# Re using JBL Manado Substrate?



## Ryan Young (12 May 2016)

Hi,
I was going to siphon out as much substrate as possible, empty my tank, add new substrate and re plant the tank one of my tanks but thought maybe I could re use the manado and buy some more of it to the existing lot to save on buying a whole lot of new substrate.
The only trouble is I have some soil/ dirt capped off at the bottom which is a real mess... Is it possible to separate most to all of the soil which will subsequently be mixed in with the substrate?
Let me know what you guys think!

Cheers Ryan


----------



## alto (12 May 2016)

If you pull it out, rinse & dry - or even just dry if it's too mucky to rinse ... once dry it's easy to work with again (& should separate fairly easily if that's your preference) - you may also be able to sell on the dried substrate.

Balance costs of new substrate vs time/effort of renewing old substrate.

I'm now committed to the Tropica Aquarium Soil Powder as after more than a year in tank & several re-scapes, it seems same as new ... after stripping out the old scape, I just clean in tank (Python), drain thoroughly & add rocks etc
- & I'm not very delicate with my hardscape trials  so I was surprised at how well it has held up  

Most times you can re-use planted tank substrates though there is the occasional FAIL anecdote (from experienced scapers)
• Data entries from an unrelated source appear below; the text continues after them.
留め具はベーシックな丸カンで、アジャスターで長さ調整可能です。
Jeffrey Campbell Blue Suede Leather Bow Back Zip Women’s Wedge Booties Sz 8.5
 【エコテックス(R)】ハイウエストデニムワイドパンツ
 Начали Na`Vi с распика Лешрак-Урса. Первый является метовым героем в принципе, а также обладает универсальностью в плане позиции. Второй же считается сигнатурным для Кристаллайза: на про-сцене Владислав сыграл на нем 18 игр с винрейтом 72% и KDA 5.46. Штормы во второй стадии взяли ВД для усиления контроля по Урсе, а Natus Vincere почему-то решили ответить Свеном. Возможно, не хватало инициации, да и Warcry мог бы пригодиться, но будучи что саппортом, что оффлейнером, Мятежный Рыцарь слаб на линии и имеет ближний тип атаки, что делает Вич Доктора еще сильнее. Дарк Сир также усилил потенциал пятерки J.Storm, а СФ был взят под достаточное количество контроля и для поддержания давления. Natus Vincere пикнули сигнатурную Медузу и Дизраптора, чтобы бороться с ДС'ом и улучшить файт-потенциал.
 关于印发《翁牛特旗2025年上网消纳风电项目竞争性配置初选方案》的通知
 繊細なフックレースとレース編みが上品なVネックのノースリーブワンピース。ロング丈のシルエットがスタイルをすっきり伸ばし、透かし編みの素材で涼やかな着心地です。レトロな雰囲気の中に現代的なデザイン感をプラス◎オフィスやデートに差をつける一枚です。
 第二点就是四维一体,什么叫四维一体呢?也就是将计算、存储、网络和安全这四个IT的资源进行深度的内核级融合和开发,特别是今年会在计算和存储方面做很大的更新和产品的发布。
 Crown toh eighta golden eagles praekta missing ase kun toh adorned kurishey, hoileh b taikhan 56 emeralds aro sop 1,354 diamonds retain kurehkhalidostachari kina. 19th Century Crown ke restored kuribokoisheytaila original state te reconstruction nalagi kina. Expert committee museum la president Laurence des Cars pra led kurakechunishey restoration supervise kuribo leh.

You could also strip down tank to substrate, give it a good clean (not something I'd do in tank without a Python type system - be sure to drain to garden etc & not someplace that may clog from the fine sediments) & then adjust amount/height (add root tabs etc if you think they're needed)  & top with a fairly fine sand/gravel (Tropica website has many examples of sand/gravel over a nutrient rich base layer)


----------



## Ryan Young (12 May 2016)

Cheers alto, sounds like a plan, yeah dont think it would go down to great if I managed to clog up all the pipes in my place


----------